2. Someone realises it would be great to have simple inline images, and makes a cool client that supports “gemini+img” syntax that they make up. The syntax gracefully degrades, so you can use it in your docs even if your users aren’t using the new browser!

3. Protocol is technically text-only but in reality everyone uses img-enabled browser

4. Repeat with basic styling, then simple scripts. Eventually authors rely on more and more “optional” features and syntax extensions, and we end up with a similar feature set to what we have today.

5. Advertisers move in as Gemini gains mainstream adoption, and we’re back to www

I guess I don't understand this:

How is a network protocol proof against being used to transport CSS files? Does the network stack inspect what you're shipping and ensure you're only sending 100% Pure Plain Text?

> The Gemini transport protocol is unsuitable for the transfer of large files, since it misses many features that protocols such as FTP or HTTP use to recover from network instability.

Isn't that TCP's job? Is this person saying Gemini doesn't use TCP?


> Now, what does Gemini currently have to offer? The best way to find out is to head over to the official site: gemini.circumlunar.space in your Gemini browser.

Back in the Gopher days, my "Gemini browser" would be my Web browser. That was one of the reasons Web browsers took off: You could use them to access all of the information on the Internet, including the WWW, Gopher, Usenet, and Email. Only more recently did Mozilla morph from the Netscape Communicator software suite into the slimmed-down Firefox browser without email, spinning off Thunderbird in the process, and only much later did Firefox drop Gopher support from the core binary.

> Isn't that TCP's job? Is this person saying Gemini doesn't use TCP?

maybe he’s talking about higher level features, like the possibility to restart a download from a certain point, without redownloading the initial part? haven’t used this since dialup days, though

Quote from project FAQ:

> Gemini has no support for caching, compression, or resumption of interrupted downloads. As such, it's not very well suited to distributing large files, for values of "large" which depend upon the speed and reliability of your network connection.

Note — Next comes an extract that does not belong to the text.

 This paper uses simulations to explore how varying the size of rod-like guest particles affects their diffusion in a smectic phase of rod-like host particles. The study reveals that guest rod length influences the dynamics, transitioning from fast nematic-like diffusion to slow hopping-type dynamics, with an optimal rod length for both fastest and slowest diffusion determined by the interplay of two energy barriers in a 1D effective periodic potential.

Download managers that speed up downloads use this feature. I.e. they use 2 threads, 1 download from the beginning and the other continueing from the middle of the file. This fools single connection throttling measures.

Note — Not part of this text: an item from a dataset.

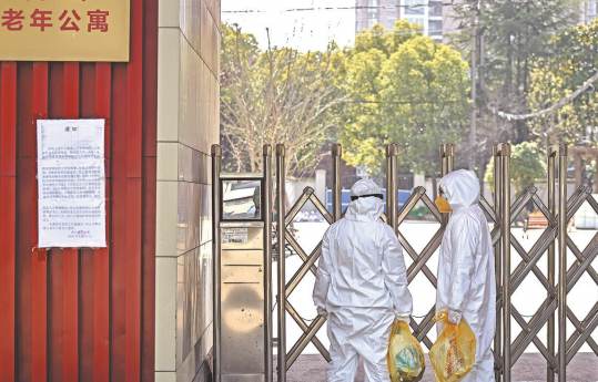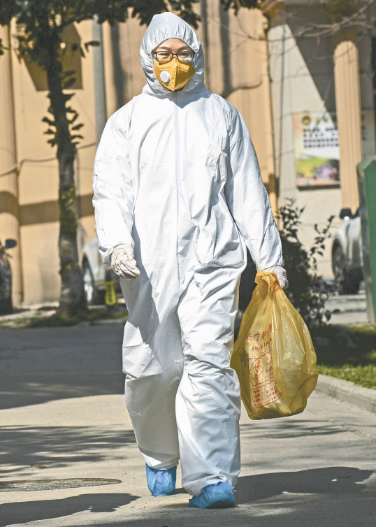 2月18日,龙飘身着防疫装备,在老旧小区寻找求助的患者,准备上门做治疗。

I suspect that it is this partial download that they are talking about.

That said, I can't tell whether or not I've used it recently. I know I don't use it when I play with personal projects, but I don't know what other sites do because I rarely have a console pulled up in my browser when I'm just using it, rather than developing.

Its often used with bulk file downloads (e.g. curl a multi-gb file while transfering between wifi networks), as well as video streaming sometimes (buffering)

> How is a network protocol proof against being used to transport CSS files? Does the network stack inspect what you're shipping and ensure you're only sending 100% Pure Plain Text?

The Gemini specification includes its own format for pages, which is a text-based scheme inspired by Markdown and Gopher menus. You can use the Gemini protocol to transmit things other than Gemini pages, sort of like how you can use HTTP to transmit PDFs and Word documents, but you wouldn't build your whole site out of them. (At least that's my impression, I haven't gotten around to actually visiting many Gemini sites yet.)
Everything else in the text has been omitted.